I am reading about Markov chain and I understand how to find stationary distribution of a Markov chain and the transition probability matrix at some time t. But what I fail to understand how can one use it to get a chain of observations.

So let's say I have 2 different states (s1,s2) some initial distribution and some transition probability matrix for these two states. And I want to output a string of states(s1, s2) of some desired length. Is there a formula for it? How can do that?

So, with the setup you have described, you can easily implement this using a simple matrix equation.

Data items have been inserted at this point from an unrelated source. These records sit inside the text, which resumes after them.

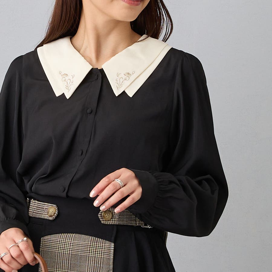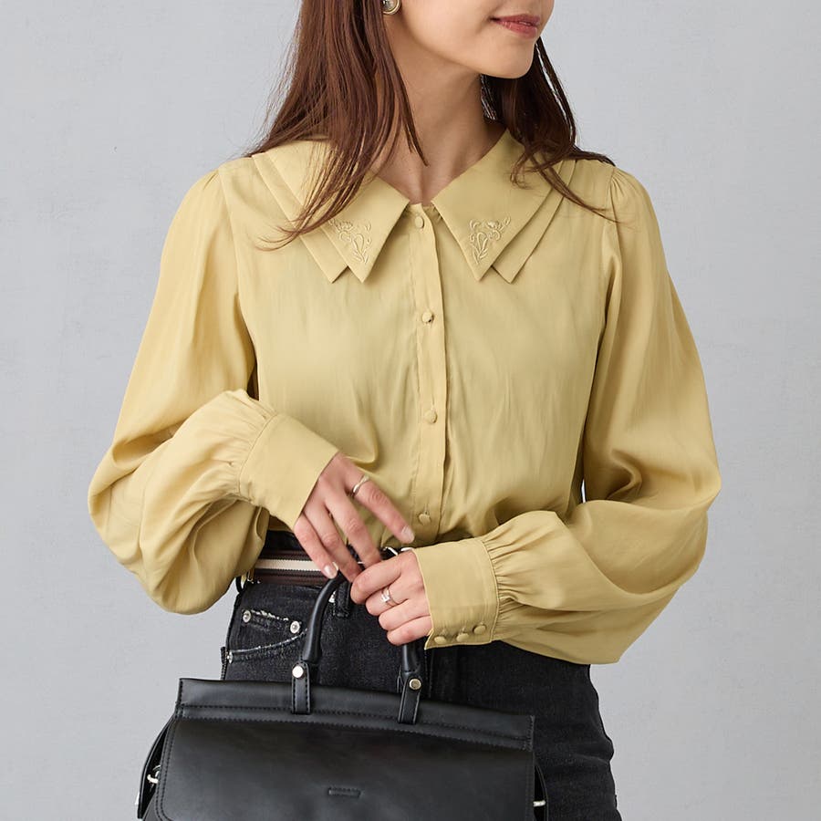 二重に重なった衿がさりげなく存在感を放ち、1枚でもメインでしっかりとお使い頂けるアイテムです。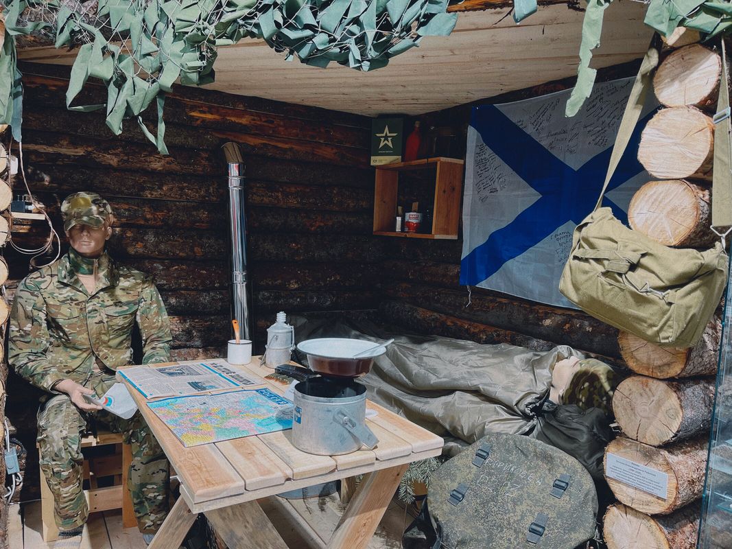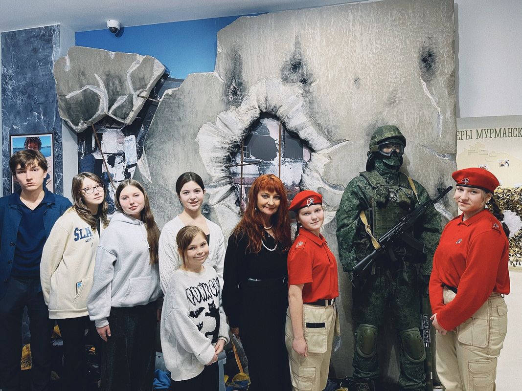 Особенно юнармейцев впечатлила выставка "Сила в людях". Здесь собраны истории Героев, представлены предметы, переданные войсковыми соединениями и силовыми структурами Мурманской области, которые участвуют в боевых действиях на Украине – трофеи, элементы вооружения, сбитые вражеские беспилотные аппараты, образцы униформы.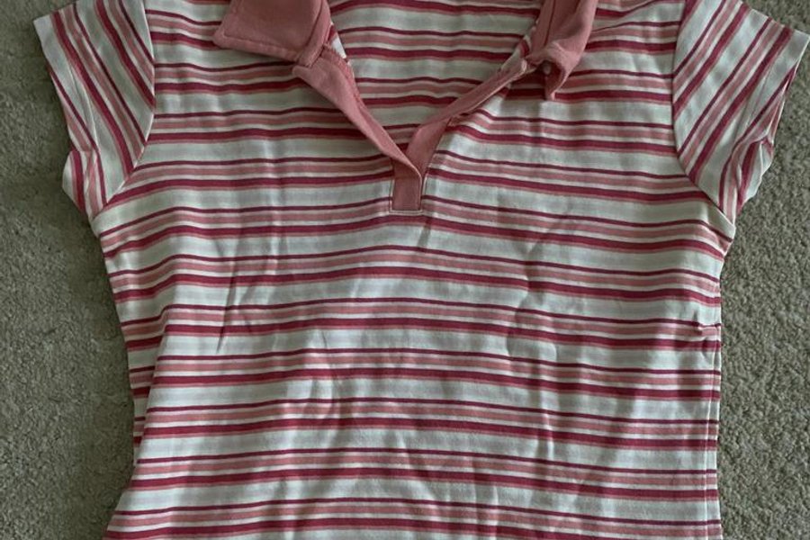 En kortärmad pikétröja med horisontella ränder i vitt, ljusrosa och mörkrosa/rött. Tröjan har en klassisk pikékrage och en kort knappslå i ljusrosa.
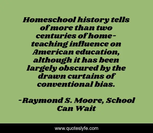 This page presents the quote "Homeschool history tells of more than two centuries of home-teaching influence on American education, although it has been largely obscured by the drawn curtains of conventional bias.". Author of this quote is Raymond S. Moore, School Can Wait. This quote is about homeschool, education,.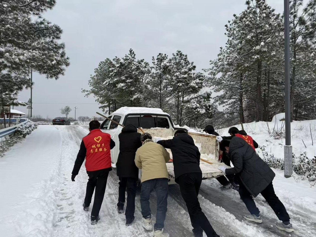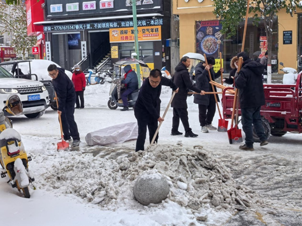闻雪即动,打好“主动仗”。雪情就是命令。降雪次日,城郊乡党员干部、文明实践志愿者迅速集结,按照分工奔赴各自责任片区。乡班子成员充分发挥带头作用,以身作则,带领分管领域的乡村干部、志愿者,携带清雪工具和融雪物资,分段包干,对世纪大道、“十八拐”、刘湾佛教学院沿线、通村主干道以及村组道路等进行集中清理。大家不畏严寒,挥锹铲雪、撒盐融冰,忙碌的身影在雪景中构成了一道温暖的风景线,全力抢通保障主干道安全畅通。

For the following discussion, I'm going to assume that your transition matrix is time homogeneous, meaning that the transition matrix does not change over time. I'm also going to assume that we have a discrete-time process, as you describe this as a Markov chain.

Now, we can call your initial distribution $\pi_{0} = [\pi_{0}(s_{1}), \pi_{0}(s_{2})]$. The entries of the matrix of transition probabilities is usually described as a function of the current state, $x$, and the next state of interest, $y$:

$P(x, y) = \Bigg[\matrix{ P(s_{1}, s_{1}) & P(s_{1}, s_{2})\\ P(s_{2}, s_{1}) & P(s_{2}, s_{2})}\Bigg]$

Now, to perform the state transition, you simply perform matrix multiplication on your $\pi_{0}$ vector by the transition matrix:

$\pi_{1} = \pi_{0}\cdot P(x, y)$

where $\pi_{1}$ is the probability distribution of the two states at time $t=1$. This procedure can be iterated to produce the distribution over your two states at arbitrary finite time $t$: $\pi_{t} = \pi_{0} \cdot P^{t}(x, y)$, where $P^{t}(x, y)$ is the transition matrix raised to the $t$ power.

The description above should be easy enough to implement as a simple computer program in say Python. If you were interested in actual realizations, meaning your output string should be the specific state that is actually reached by the Markov chain at each time step, then you would just modify the above procedure to perform a random number draw at each time step. The random number draw determines which state is actually reached- say your current distribution at time $t$ is $[ 0.35, 0.65]$. You generate a random number $r$ in the interval $[0, 1]$, and if $r \leq 0.35$ then you set the next state to $1$. Then your distribution at the next time step $t + 1$ would be, for example if state $1$ were the actually currently occupied state, $\pi_{t + 1} = [1, 0]$. Perform the matrix multiplication, which here is just extracting the top row of your transition matrix, and generate your next random number $r$. Repeat as many times as required by your string's desired length. Now, if the chain is actually time inhomogeneous, meaning that the transition matrix can change at each iteration step, you would further have to modify the procedure so that the entries of the matrix $P(x, y)$ properly reflected this time dependence at each step.